Whether you believe in a higher power or not, it's pretty easy to see that everything in nature was created perfectly. The food chain ensures that plants feed animals and those animals feed other animals, who in turn feed the soil when they die. The soil feeds the plants that feed the animals and on and on....

It's the same for the human body. Injuries heal themselves over time. Our organs were designed to perform a specific role to keep the whole system running smoothly. But if you just had a little giggle, perhaps your system isn't running so smoothly. If you feel a bit like a 1972 Datsun, even though you try to eat right, chances are you're still not giving your body what it needs.

Why do we have taste buds? Why are they different from one person to the next? And why do our tastes change over time? Because they're part of our perfect system. Taste buds don't just tell you what you like to eat; more importantly they tell you what you need to eat.

We all have different tastes because our bodies are unique, needing different nutrients. Some people love salads, and these people need greens. Others feel they couldn't live without red meat. These people need more protein than others.

I went on an alkaline diet once. No red meat, no pasta, no bread, no chocolate, no alcohol...basically fruit and veg, nuts and the odd bit of fish or chicken. How did it go?

In the first week, I felt hungry all the time and my concentration went out the window. I was training nearly 20 hours a week and lost 2kg. I should mention that losing weight was not my goal. I wanted to increase my energy levels so I could train harder.

In the next week, I lost another 2kg, and with little body fat, it took less than 2 weeks for people to notice I was losing muscle. So against the 'expert' nutritionist's advice, I added bread and small portions of red meat to my diet. Immediately my concentration improved and the 2 weeks of constant hunger was wonderfully over.

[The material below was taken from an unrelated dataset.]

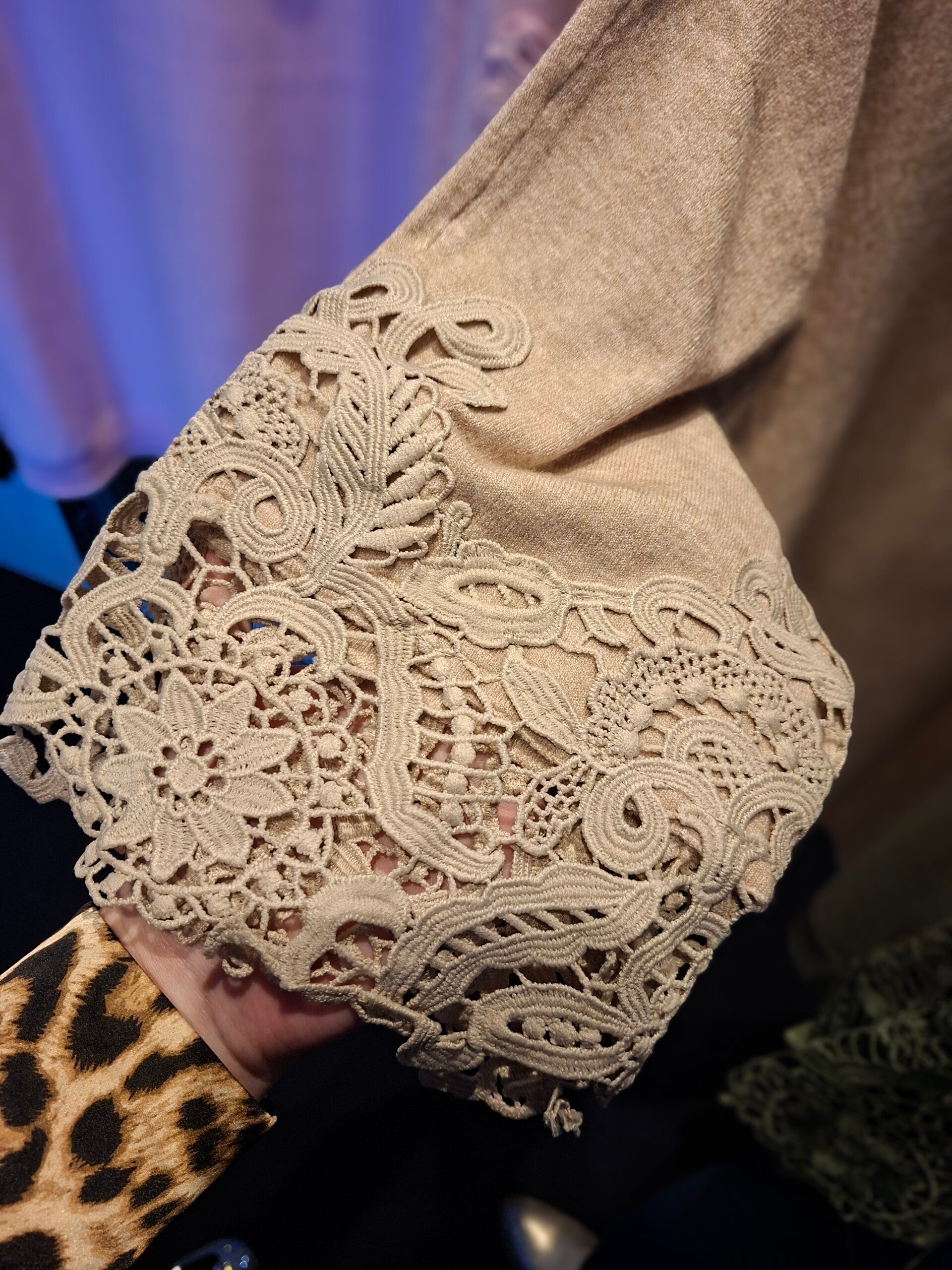 Langs de rand van de mouw zit een heel mooi bewerkt stukje.

What was the problem? The ‘expert’ was telling me what worked for him. My body, however, was being starved of the nutrients it needed. When your body is hungry and runs out of fat to consume, if you keep ignoring those hunger pains, it'll simply start eating muscle. It's very clever....and resourceful.

This was a very important lesson for me - experts don't know everything. I needed to involve my body in the conversation about what it needed.

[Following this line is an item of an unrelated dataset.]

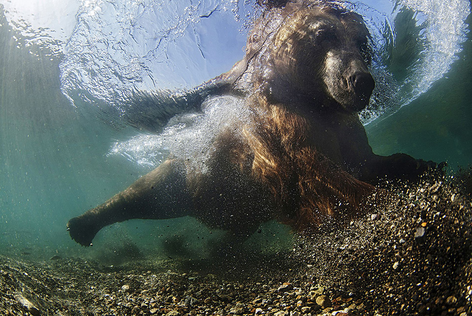 Медведь во время рыбалки. Mike Korostelev

Of course, we can train our body in bad habits, just as we can train it in good ones. If you're on a regular diet of fast food and chocolate, then your body’s been trained to crave sugar, and it’s all very confused. There's a disengagement between what your body thinks it wants and what it actually needs.

The trick here is to think back to what your favourite healthy foods were as a child. Me, I couldn't get enough of strawberries. I also ate my way through many banana plantations, I'm sure. So now I start every morning with a banana and strawberry smoothie. I add some nuts and coconut, a bit of cinnamon and nutmeg and I'm set.

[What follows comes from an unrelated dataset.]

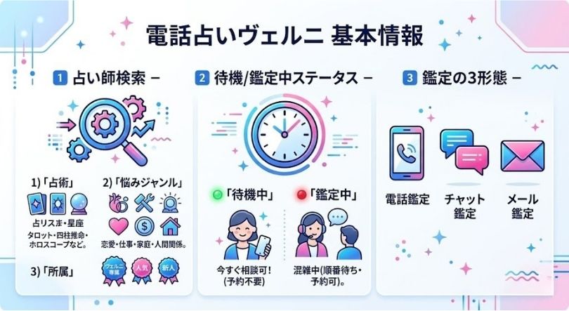 電話占いヴェルニの基本情報|「探しやすい」「選びやすい」設計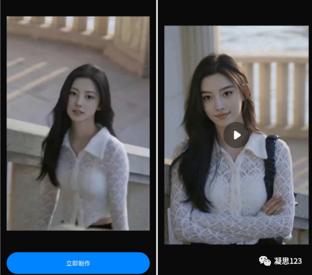选好模板后,上传正脸照片就可以生成换脸视频啦,效果真的很自然,不出门也可以拥有各种风格的写真照。

While my taste buds usually get tired of eating the same thing 2 days in a row, I can have this every single day and never get sick of it, because I've hit upon the essence of what I need.

A nutritionist once suggested I add cocoa and avocado to my smoothie. Both very good for you, he said. I was dubious. But I tried it and it was worse than I imagined. When I told him that, although I like both cocoa and avocado, I didn't like the taste of the avocado in my smoothie, he told me avocado had no taste. This is the point where I realised that his knowledge was limited to just what worked for him, because for me, avocado certainly has its own taste.

While his body needed a daily intake of avocado and cocoa, mine didn't. So the lesson here is to listen to the experts - they've done the research, read the books etc - but you and your body must be part of the team that decides what you should eat.

It's also a lot yummier that way, if you get to eat wh at you like rather than what someone else likes. Have you ever had someone cook you their specialty only to discover that you wish they hadn't?

I had a boyfriend once who was as proud as punch of a scampi dish he cooked. Pretty early in the relationship he said he'd cook it for me. He talked it up so much I was really looking forward to it. But when I tasted it, it just wasn't to my liking. There was nothing really wrong with it, he hadn't overcooked it or anything, but it just had some kind of odd flavour that he loved and I didn't.

This can be an issue for families. Sharing a meal brings the family together and gives us a chance to connect with our loved ones. However, each person at the table has different nutritional needs based on age, sex, body type, activity levels, blood type etc etc. When we all eat the same thing, we're not completely giving our bodies what they need. A meal here and there isn't an issue, but when we practice this for 20, 30, 50 years, we are not getting the nutrients we really need. Now, maybe you're asking 'so what'? We're still eating, right?

Certainly, but if you have aches or pains, you're not your ideal weight, you have trouble concentrating or remembering things, chances are you're missing essential nutrients in your diet.

The good news is, though, that the nutrients you need are the ones that are tastiest for you. In other words you will enjoy eating what you need so much more than what you're eating now. And one last time for those who got lost on the techy stuff: Good health is delicious.

Maybe you like salads – great, eat loads! Perhaps, like me, you see salad as a garnish - there to make the plate colourful. That's okay too. You may need more protein in your diet. If you love red meat, eat it.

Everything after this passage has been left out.